Luo Zilang, Pi Damao, Xi Tianlan, Jiang Wenli, Qiu Feng, Yang Jiadan
Department of Pharmacy, The First Affiliated Hospital of Chongqing Medical University, Chongqing, China.
College of Pharmacy, Chongqing Medical University, Chongqing, China.
Front Endocrinol (Lausanne). 2025 Aug 8;16:1641114. doi: 10.3389/fendo.2025.1641114. eCollection 2025.
Diabetic cardiomyopathy (DCM) is a myocardial dysfunction disorder driven by diabetes-associated metabolic disorders, significantly elevating the risk of heart failure in patients with type 2 diabetes mellitus (T2DM). We aimed to develop and validate a nomogram for individualized DCM risk prediction in T2DM populations.
This retrospective study enrolled 525 consecutive T2DM patients admitted to our hospital (June 2022-June 2024). Participants were randomly allocated to training (70%) or validation (30%) cohorts. Baseline clinical characteristics, laboratory profiles, and echocardiographic parameters were collected. Predictors were identified via univariate then multivariate logistic regression, followed by nomogram construction.
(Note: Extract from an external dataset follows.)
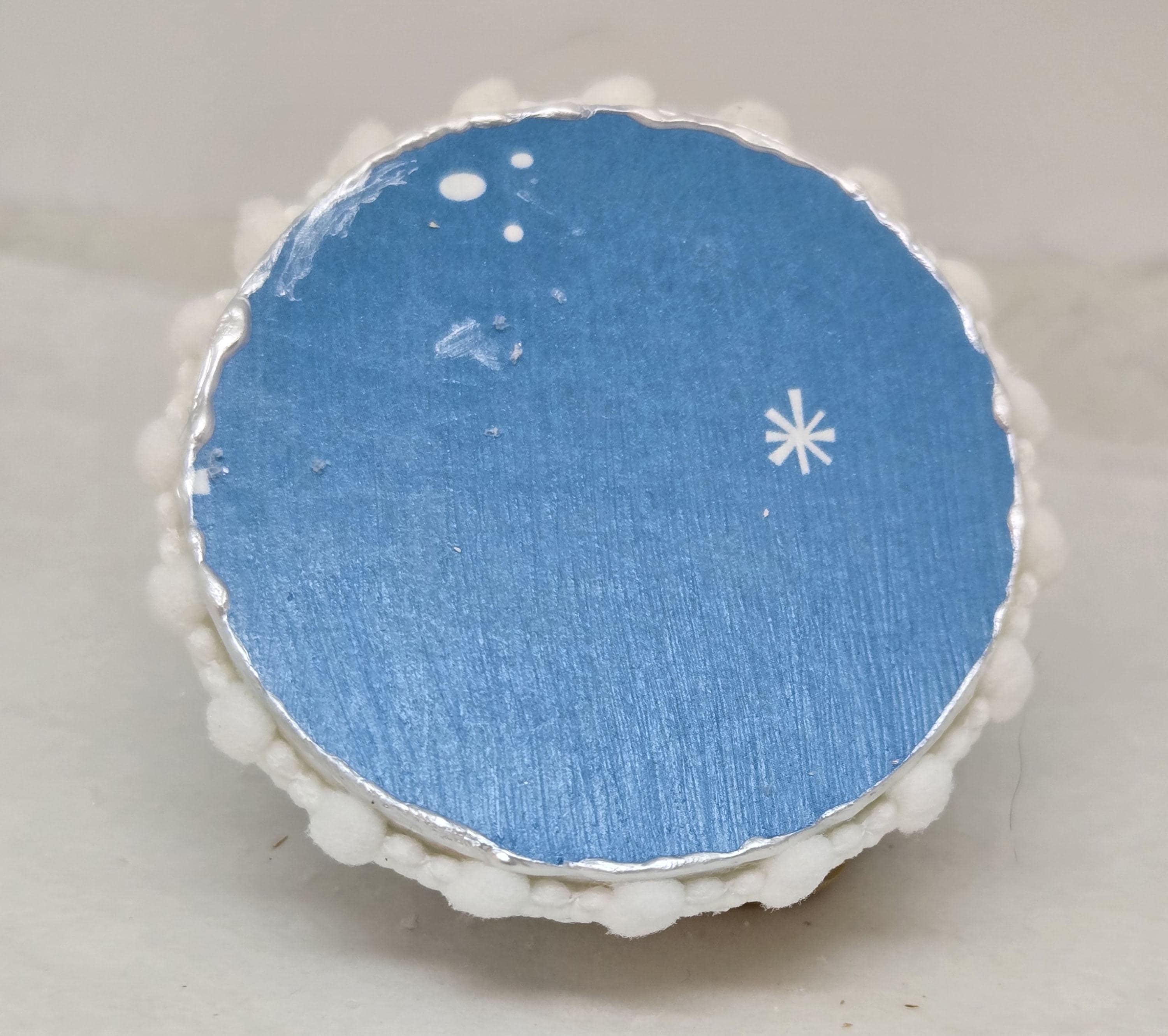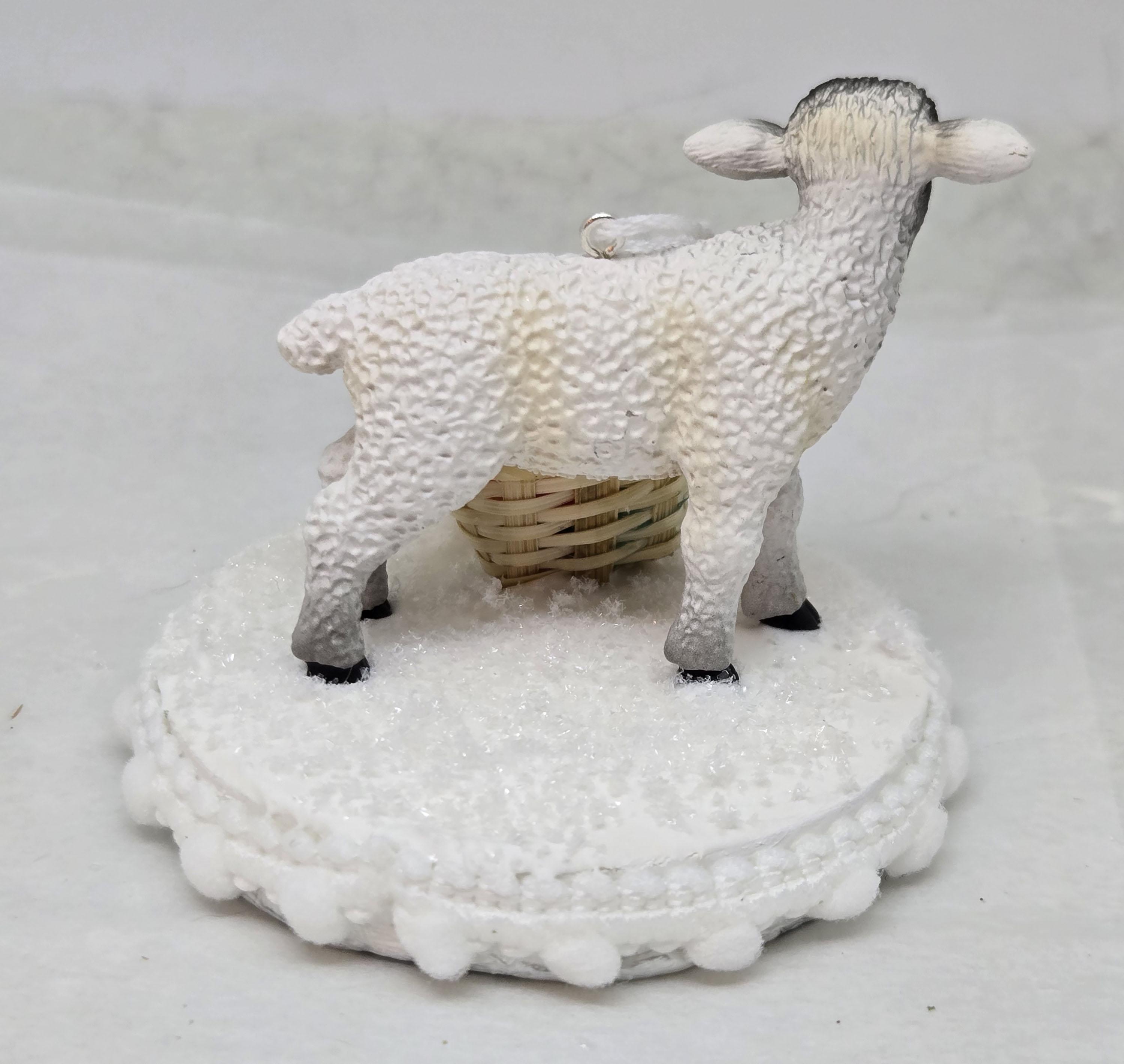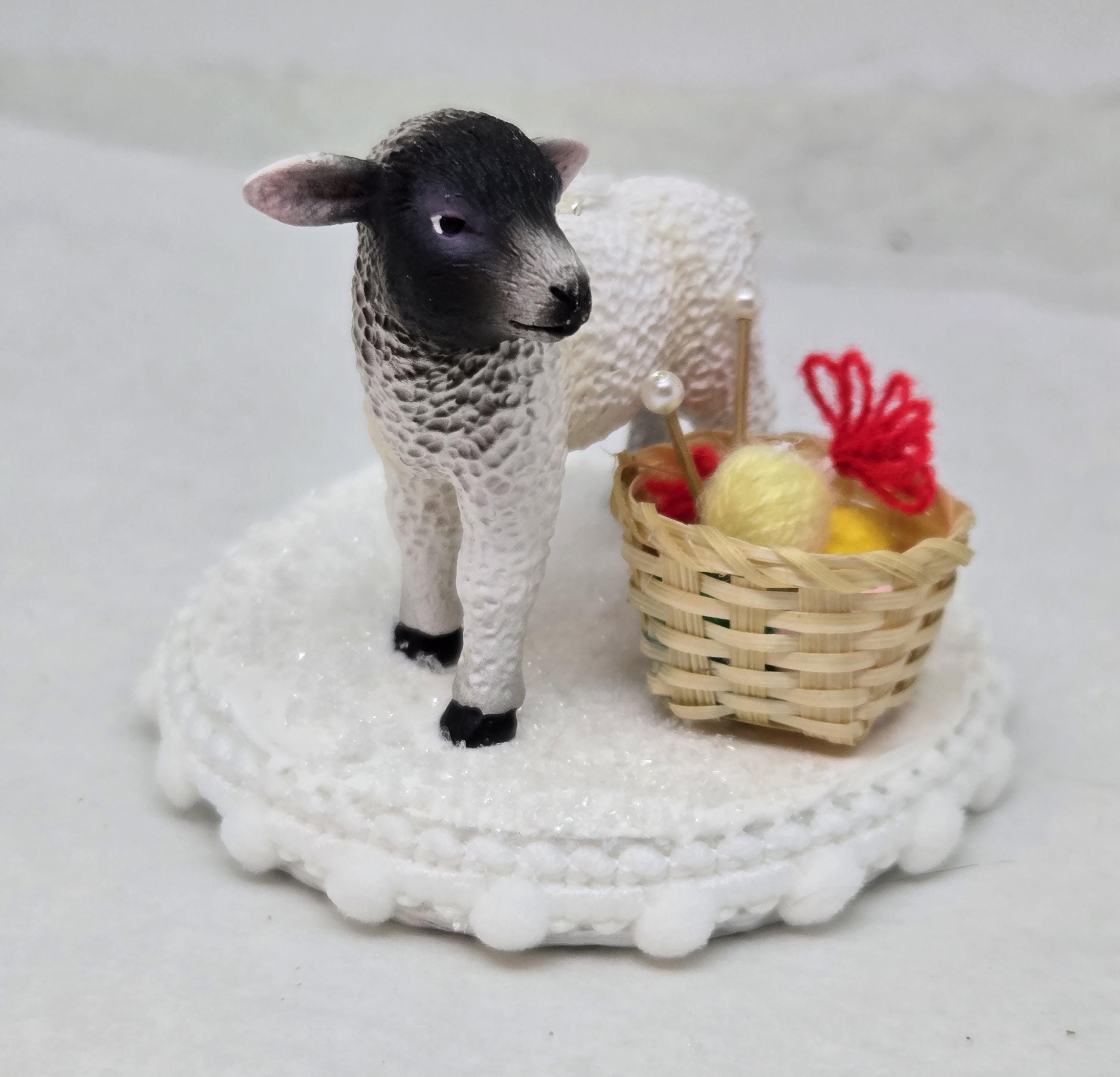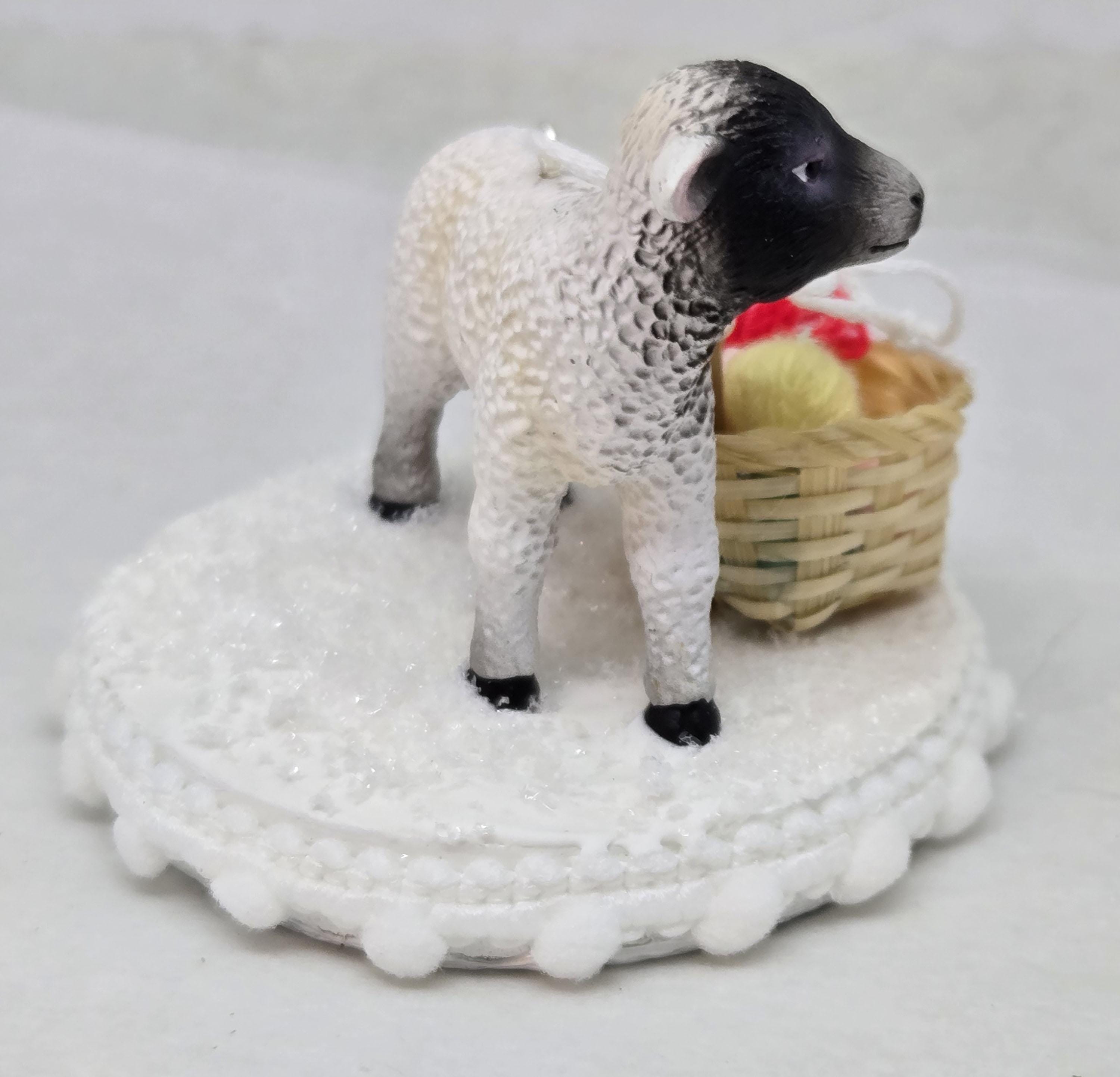 One of a kind, handcrafted Lamb or Knitting Ornament titled: Farm to Knitting Basket. I crafted this cute ornament using a PAPO, realistic lamb toy figurine and a dollhouse miniature basket filled with knitting or crocheting supplies. The base of the ornament is wood. I covered the bottom with scrapbook paper sealed with decoupage. The sides and top were painted. I used decorative trim to cover the sides and artificial snow on the top.

Model validation included: (1) internal validation via 1000 bootstrap resamples; (2) discrimination assessed by the area under the receiver operating characteristic curve (AUC-ROC); (3) calibration evaluated using calibration plots and the Hosmer-Lemeshow goodness-of-fit test; (4) clinical utility determined by decision curve analysis (DCA) and clinical impact curves (CIC).
Six independent predictors-age, duration of type 2 diabetes mellitus (T2DM Duration), systolic blood pressure (SBP), urinary albumin-to-creatinine ratio (UACR), left atrial diameter (LAD), and left ventricular posterior wall thickness at end-diastole (LVPWd)-were incorporated. The model showed excellent discrimination: AUC 0.947 (95% CI: 0.916-0.967) in training and 0.922 (95% CI: 0.870-0.956) in validation cohorts. Calibration indicated strong agreement (Hosmer-Lemeshow χ² = 9.2119, = 0.3247). DCA and CIC confirmed clinical utility.
This nomogram integrates routine clinical/echocardiographic parameters to predict DCM risk in T2DM patients, facilitating individualized risk stratification and guiding early cardioprotective interventions in high-risk populations.
https://www.chictr.org.cn/index.html, identifier ChiCTR2400093755.
糖尿病性心肌病(DCM)是一种由糖尿病相关代谢紊乱驱动的心肌功能障碍疾病,显著增加了2型糖尿病(T2DM)患者发生心力衰竭的风险。我们旨在开发并验证一种用于T2DM人群DCM个体化风险预测的列线图。
这项回顾性研究纳入了我院连续收治的525例T2DM患者(2022年6月至2024年6月)。参与者被随机分配到训练队列(70%)或验证队列(30%)。收集基线临床特征、实验室检查结果和超声心动图参数。通过单因素然后多因素逻辑回归确定预测因素,随后构建列线图。模型验证包括:(1)通过1000次自抽样重采样进行内部验证;(2)通过受试者操作特征曲线下面积(AUC-ROC)评估辨别力;(3)使用校准图和Hosmer-Lemeshow拟合优度检验评估校准;(4)通过决策曲线分析(DCA)和临床影响曲线(CIC)确定临床实用性。
纳入了六个独立预测因素——年龄、2型糖尿病病程(T2DM病程)、收缩压(SBP)、尿白蛋白与肌酐比值(UACR)、左心房内径(LAD)和舒张末期左心室后壁厚度(LVPWd)。该模型显示出优异的辨别力:训练队列中的AUC为0.947(95%CI:0.916-0.967),验证队列中的AUC为0.922(95%CI:0.870-0.956)。校准表明一致性良好(Hosmer-Lemeshow χ² = 9.2119,P = 0.3247)。DCA和CIC证实了临床实用性。
该列线图整合了常规临床/超声心动图参数以预测T2DM患者的DCM风险,有助于进行个体化风险分层并指导高危人群的早期心脏保护干预。